- _Problem details_
Among the entries below, retype exactly the lines starting with the one with "斎藤道三ショウガ味 個包装 20袋入り(計200粒)【クインズゲイトオリジナル】" and going on through the one with "カジュアルなラインの入った使", but not the pictures.

◇ ◇ ◇ ◇ ◇ ◇ ◇

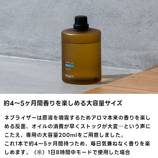 アロマオイルの消費が早いネブライザー式ディフューザーでも、約4〜5ヶ月間香りを楽しめる200mlの大変お得な大容量ボトルです。
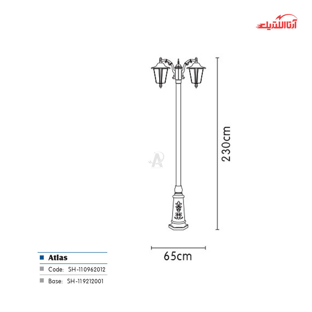 چراغ حیاطی ایستاده شب تاب مدل اطلس کد SH-109620120-192120010، یکی از نمونههای زیبا و باکیفیت چراغهای حیاطی شب تاب است که بدنهای از جنس آلومینیوم دایکاست دارد. نوع رنگ به کار رفته در تولید این محصول، رنگ پودری الکترواستاتیک بوده و در رنگهای مشکی، سفید و برنزی موجود است.
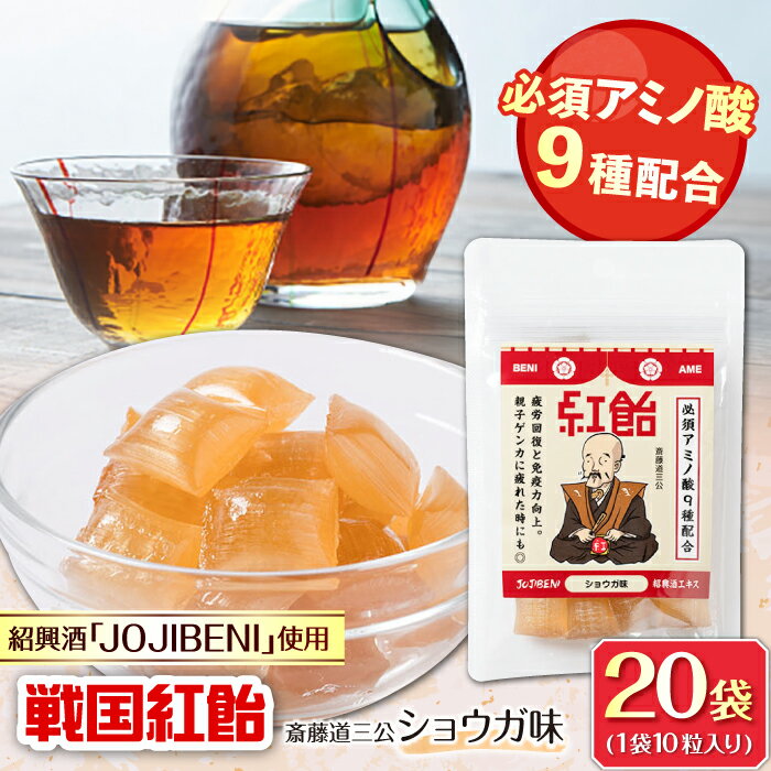 【ふるさと納税】【JOJIBENI】アミノ酸たっぷりの紹興酒を使った 戦国紅飴 斎藤道三ショウガ味 個包装 20袋入り(計200粒)【クインズゲイトオリジナル】
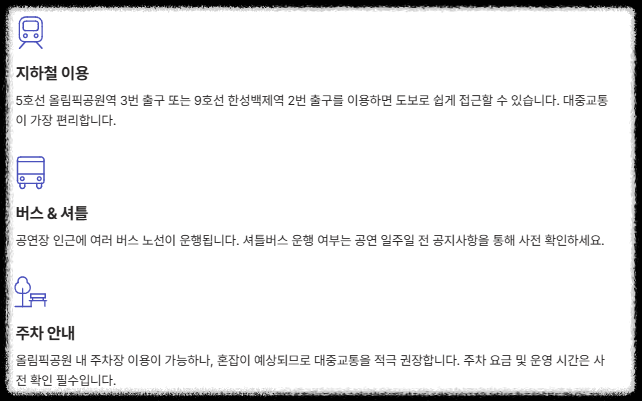 🚌 주요 공연장 (서울 올림픽홀) 교통편 안내
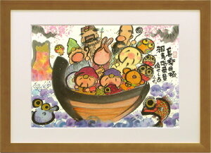 「和風」「取寄品」 御木幽石 ほっとひといき YIF-04 福福額 フレーム付きポスター/ジグソーパズルの発売10周年記念の特別企画。。/お地蔵さん、ねこ、いぬなどの可愛いイラストと癒され前向きになれる書で大人気の「御木幽石」...
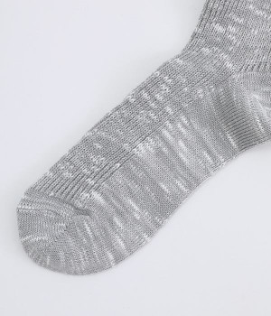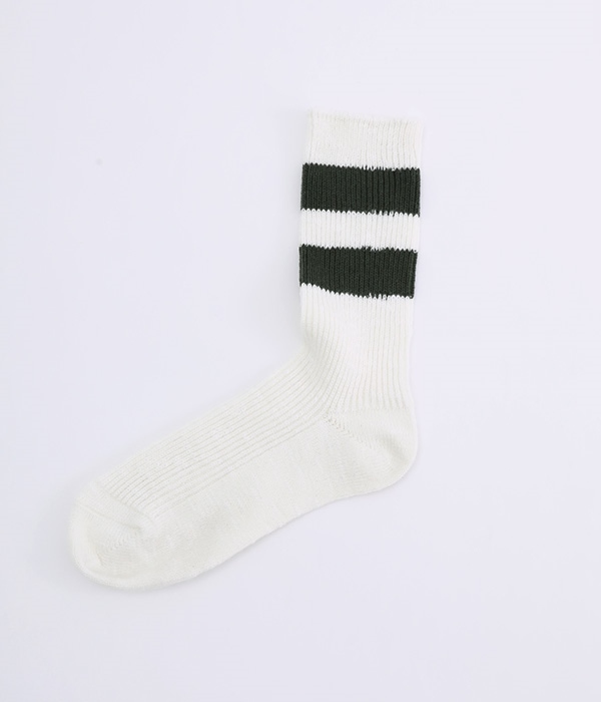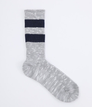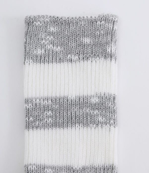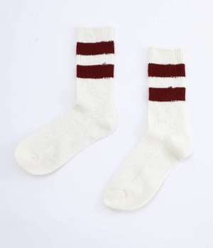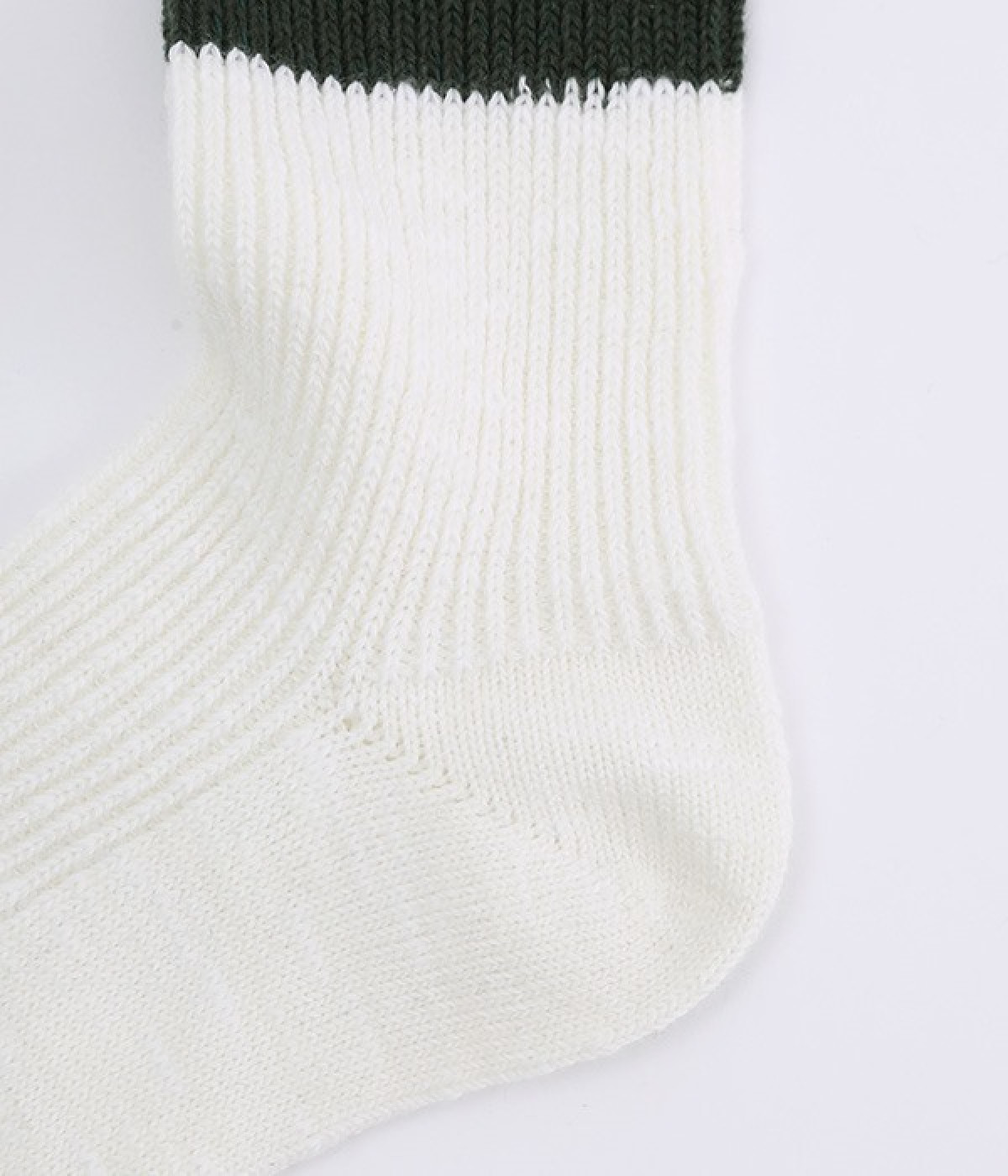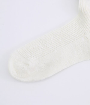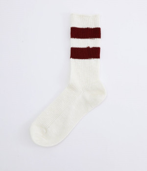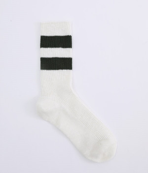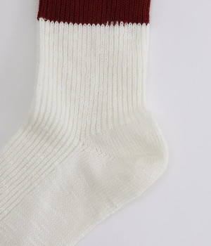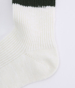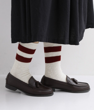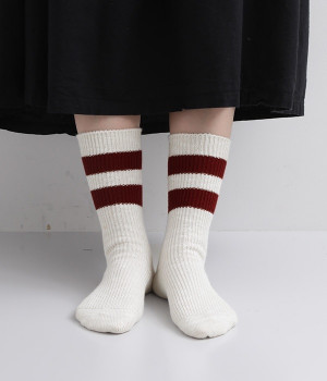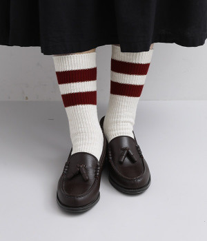 カジュアルなラインの入った使い勝手の良いソックスです。コットンウール素材を使っているため、通気性がありつつもあたたかさをキープできます。スニーカーやローファーからチラリとのぞかせることでコーディネートの差しアイテムとしても活躍。ひざ下丈のボトムからのぞかせやすいちょうど良いレングス設定に仕上げました。
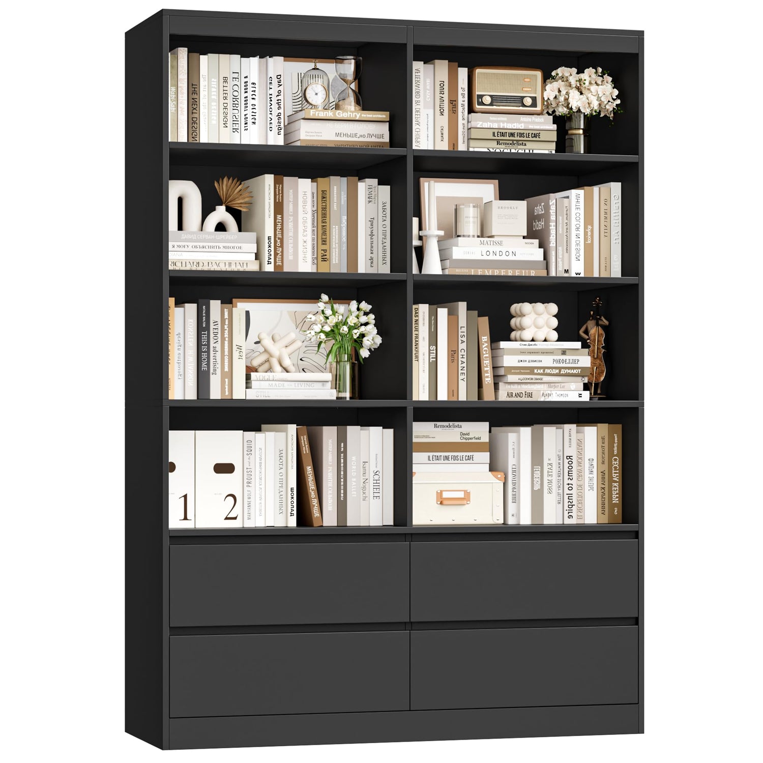 - Modern Bookshelf with Streamlined Design This sleek Black bookshelf features handle-free drawers and smooth surfaces for effortless cleaning. The minimalist bookcase protects against bumps while complementing contemporary decor. A practical bookshelf with drawers that balances form and function.
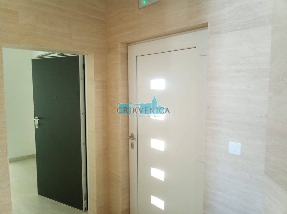 Stan je opremljen podnim grijanjem, klimatizacijom, električnim podizanjem i spuštanjem roleta, komarnicima, video portafonom, protuprovalnim vratima. Pogled na more iz svih stanova kao i parking u vlasništvu.

◇ ◇ ◇ ◇ ◇ ◇ ◇

- _Result below_
 【ふるさと納税】【JOJIBENI】アミノ酸たっぷりの紹興酒を使った 戦国紅飴 斎藤道三ショウガ味 個包装 20袋入り(計200粒)【クインズゲイトオリジナル】
 🚌 주요 공연장 (서울 올림픽홀) 교통편 안내
 「和風」「取寄品」 御木幽石 ほっとひといき YIF-04 福福額 フレーム付きポスター/ジグソーパズルの発売10周年記念の特別企画。。/お地蔵さん、ねこ、いぬなどの可愛いイラストと癒され前向きになれる書で大人気の「御木幽石」...
 カジュアルなラインの入った使い勝手の良いソックスです。コットンウール素材を使っているため、通気性がありつつもあたたかさをキープできます。スニーカーやローファーからチラリとのぞかせることでコーディネートの差しアイテムとしても活躍。ひざ下丈のボトムからのぞかせやすいちょうど良いレングス設定に仕上げました。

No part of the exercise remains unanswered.